INFORMATION SHOWN START

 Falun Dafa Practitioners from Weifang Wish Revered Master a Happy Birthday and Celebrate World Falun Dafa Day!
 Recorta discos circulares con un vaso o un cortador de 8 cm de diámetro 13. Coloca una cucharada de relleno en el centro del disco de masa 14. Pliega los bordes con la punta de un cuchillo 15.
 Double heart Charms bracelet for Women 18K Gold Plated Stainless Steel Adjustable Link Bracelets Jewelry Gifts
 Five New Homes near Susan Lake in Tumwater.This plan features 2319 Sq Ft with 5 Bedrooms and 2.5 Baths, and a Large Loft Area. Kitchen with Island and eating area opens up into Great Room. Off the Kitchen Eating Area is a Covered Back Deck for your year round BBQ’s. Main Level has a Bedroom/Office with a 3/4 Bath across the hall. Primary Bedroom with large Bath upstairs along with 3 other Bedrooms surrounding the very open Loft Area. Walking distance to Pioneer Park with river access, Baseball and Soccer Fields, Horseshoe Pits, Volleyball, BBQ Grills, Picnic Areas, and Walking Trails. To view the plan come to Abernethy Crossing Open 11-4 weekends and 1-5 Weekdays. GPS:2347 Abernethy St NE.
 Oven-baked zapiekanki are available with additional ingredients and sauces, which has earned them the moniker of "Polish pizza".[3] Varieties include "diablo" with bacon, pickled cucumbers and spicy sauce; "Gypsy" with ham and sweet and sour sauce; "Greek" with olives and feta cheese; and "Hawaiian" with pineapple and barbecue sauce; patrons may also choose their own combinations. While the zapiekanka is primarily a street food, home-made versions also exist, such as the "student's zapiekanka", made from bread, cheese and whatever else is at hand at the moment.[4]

INFORMATION SHOWN END
INFORMATION SHOWN START

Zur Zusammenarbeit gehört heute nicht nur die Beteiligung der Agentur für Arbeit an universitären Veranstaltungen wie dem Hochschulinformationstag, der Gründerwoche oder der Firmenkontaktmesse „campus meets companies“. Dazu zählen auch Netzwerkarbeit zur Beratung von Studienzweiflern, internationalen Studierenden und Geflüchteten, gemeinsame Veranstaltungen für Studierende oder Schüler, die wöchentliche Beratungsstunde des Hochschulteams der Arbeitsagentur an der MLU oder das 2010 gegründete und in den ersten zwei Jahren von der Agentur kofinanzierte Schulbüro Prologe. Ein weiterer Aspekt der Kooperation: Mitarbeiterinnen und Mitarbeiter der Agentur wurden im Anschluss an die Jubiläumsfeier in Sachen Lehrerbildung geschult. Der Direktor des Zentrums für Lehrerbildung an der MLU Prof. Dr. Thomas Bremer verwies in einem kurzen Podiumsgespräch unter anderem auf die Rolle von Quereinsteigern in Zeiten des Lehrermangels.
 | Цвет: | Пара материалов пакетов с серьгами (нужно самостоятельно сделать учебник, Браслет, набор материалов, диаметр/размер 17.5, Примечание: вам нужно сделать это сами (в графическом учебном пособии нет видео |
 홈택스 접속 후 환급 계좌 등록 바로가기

INFORMATION SHOWN END

▶ _EXERCISE_
Go through the entries above and copy each line with "from" in it.

▶ _EXERCISE OUTPUT_
 Falun Dafa Practitioners from Weifang Wish Revered Master a Happy Birthday and Celebrate World Falun Dafa Day!
 Oven-baked zapiekanki are available with additional ingredients and sauces, which has earned them the moniker of "Polish pizza".[3] Varieties include "diablo" with bacon, pickled cucumbers and spicy sauce; "Gypsy" with ham and sweet and sour sauce; "Greek" with olives and feta cheese; and "Hawaiian" with pineapple and barbecue sauce; patrons may also choose their own combinations. While the zapiekanka is primarily a street food, home-made versions also exist, such as the "student's zapiekanka", made from bread, cheese and whatever else is at hand at the moment.[4]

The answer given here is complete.